When running my Rainbow agent in Python 2, e.g. to quickly fail via python main.py --learn-start 1000 --evaluation-interval 1100 --disable-cuda, I get the error RuntimeError: invalid argument 2: out of range at /opt/conda/conda-bld/pytorch_1556653194318/work/aten/src/TH/generic/THTensor.cpp:639 on this line.
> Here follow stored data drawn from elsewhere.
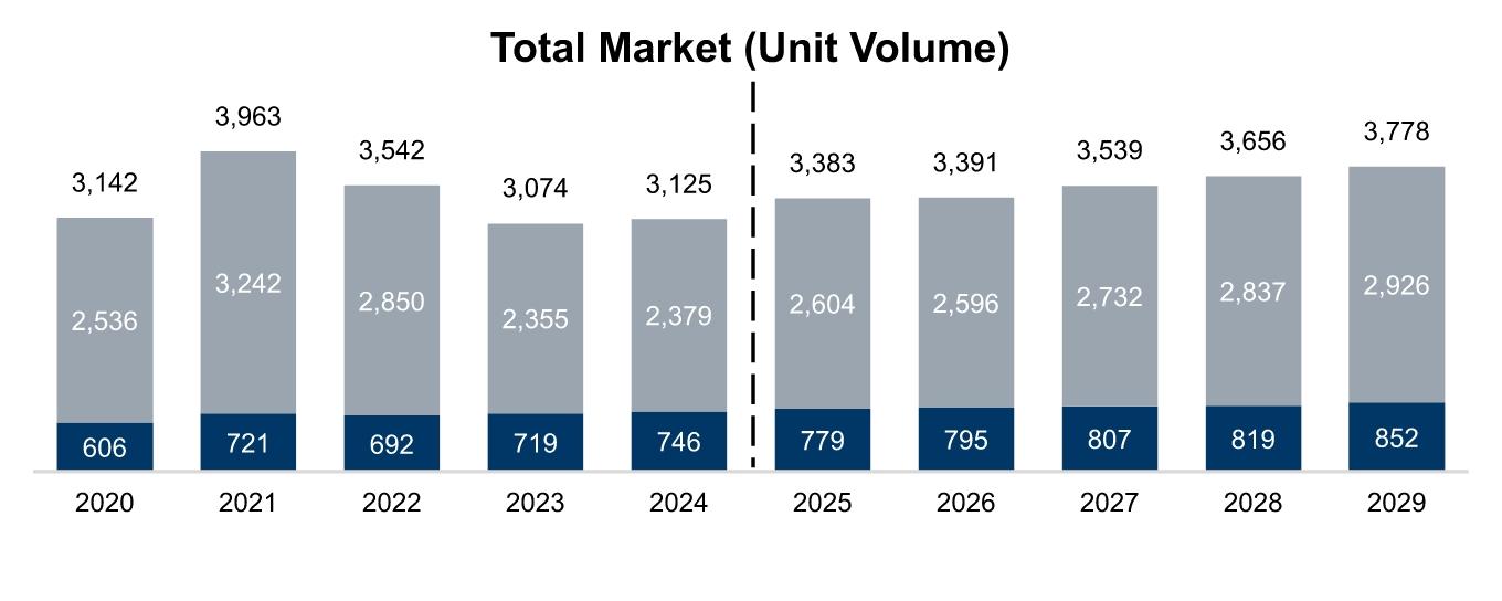 • Pre-owned transactions are expected to continue their 2024 growth in 2025. Annual unit volume should increase 9.5 percent and dollar volume should increase 6.2 percent. Average annual growth is expected to continue over the next five years at a rate of 4.2 percent. Dollar volume should grow at an average annual rate of 3.4 percent during that time.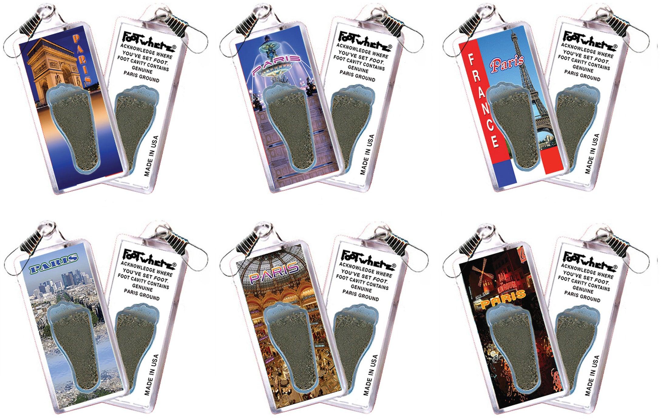 Paris FootWhere® Souvenir Keychains. 6 Piece Set. Made in USA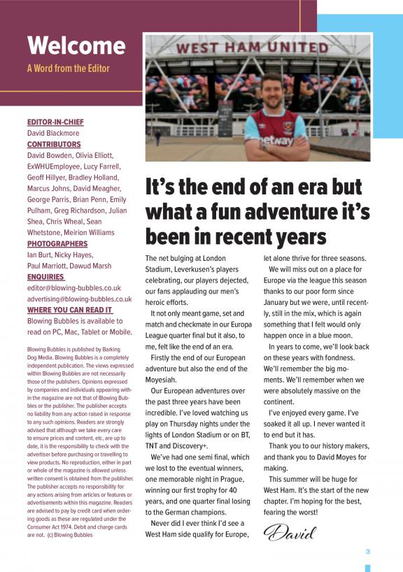 The biggest West Ham United monthly magazine, Blowing Bubbles is edited by a team of journalists and aims to inform, entertain and unite West Ham fans across the globe with our easy-to-read, well-designed & professional magazine. You can have a hard copy of every issue of Blowing Bubbles posted through your door, visit our website for details.

In Python 2, the two last arguments get incredibly large negative numbers (e.g. -9223372036854775808), and -inf, but the same set of arguments under Python 3 get the expected inputs: 0, 1, …, 1630, and 0.0049, 0.0053… Not sure why changing Python version should cause this problem.
Using Python 1.1.0 with CUDA 10 for both Python 2 and 3.
Thanks for the reproducible code snippet.
In Python2.x the / operator is an integer division, if the inputs are integers (in Python3 it’s //).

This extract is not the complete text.